Now, the membrane does all kinds of intellectual communication processes in the cell, helps the cell decide what to do next in any situation, and you need to have certain fatty acids only on the inside of the membrane. It’s two layers. So, there’s what we call the inner leaflet and the outer leaflet.

On the inner leaflet, there is a phospholipid called phosphatidylserine … What’s getting into your body and causing trouble is the free oxalic acid ion, this single little molecule that easily transverses your gut because it just floats in the water between the cells. 

When oxalate’s around, it causes membrane damage to the point where that innate structure where the phosphatidylserine is now showing up on the outside of the membrane. That’s bad news. For many cells, that means the cell is now in line to be removed because it’s damaged. It’s a signal to the immune system, hey, take away the cell. It’s been harmed.

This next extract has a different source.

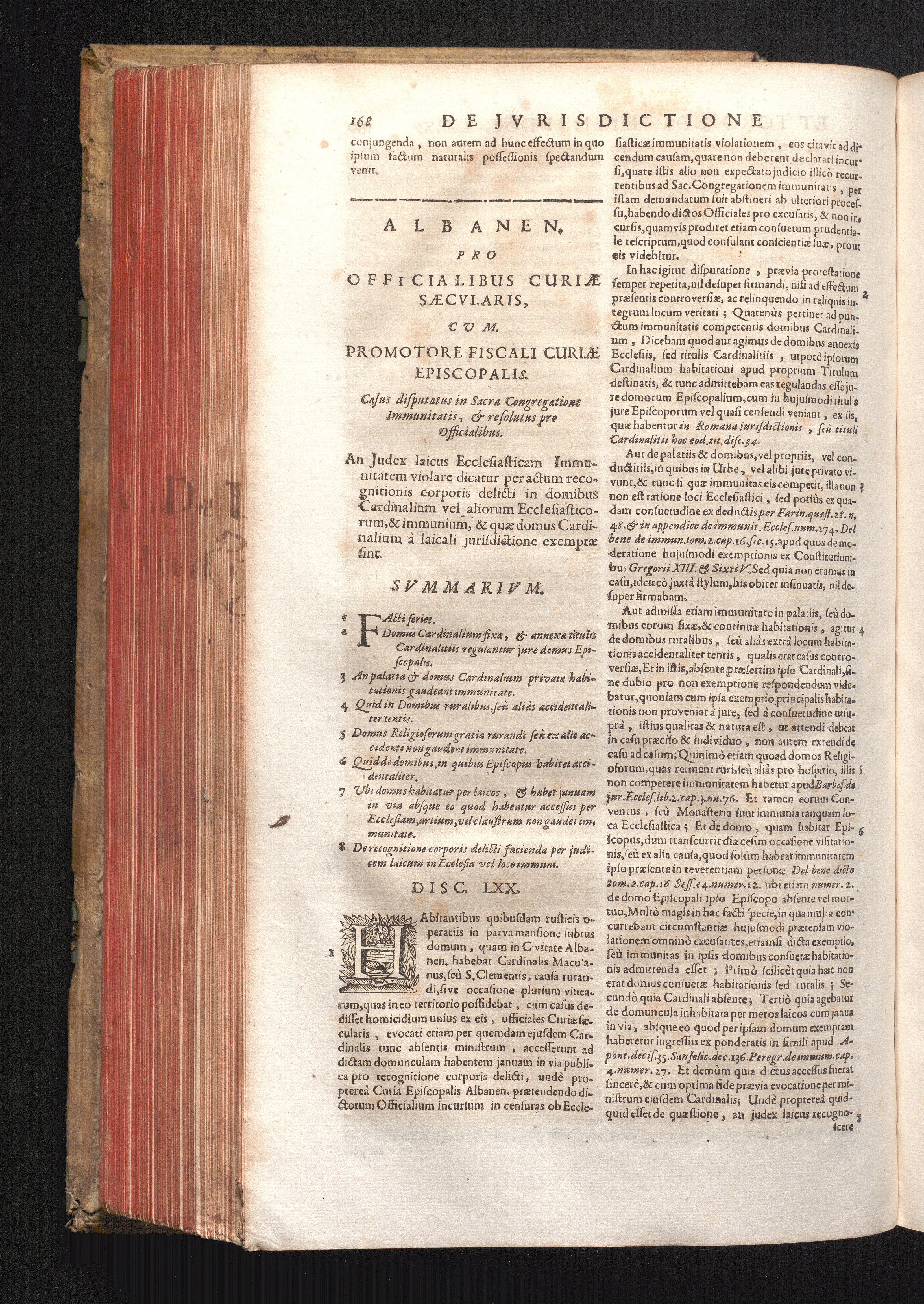Disc. LXX. Albanen. An Judex laicus Ecclesiastica[m] Immunitatem violare dicatur[...]

So, you lose your structured membrane. That creates all kinds of headaches for a cell. Often it cannot function properly. This is especially true of the cells that line the vascular system. So, the endothelial lining that is this giant organ of physiology, metabolism and maintenance of the body can be in trouble.

The top three vegetable “superfoods” that are very high in oxalate and may cause trouble are spinach, Swiss chard and beet greens. Another high-oxalate food is almonds, which you can easily “overdose” on if you’re eating bread made with almond flour or drinking almond milk, or if you’re on a keto or paleo diet, as they both tend to rely heavily on almonds. Dark chocolate is another food that scores high for oxalates.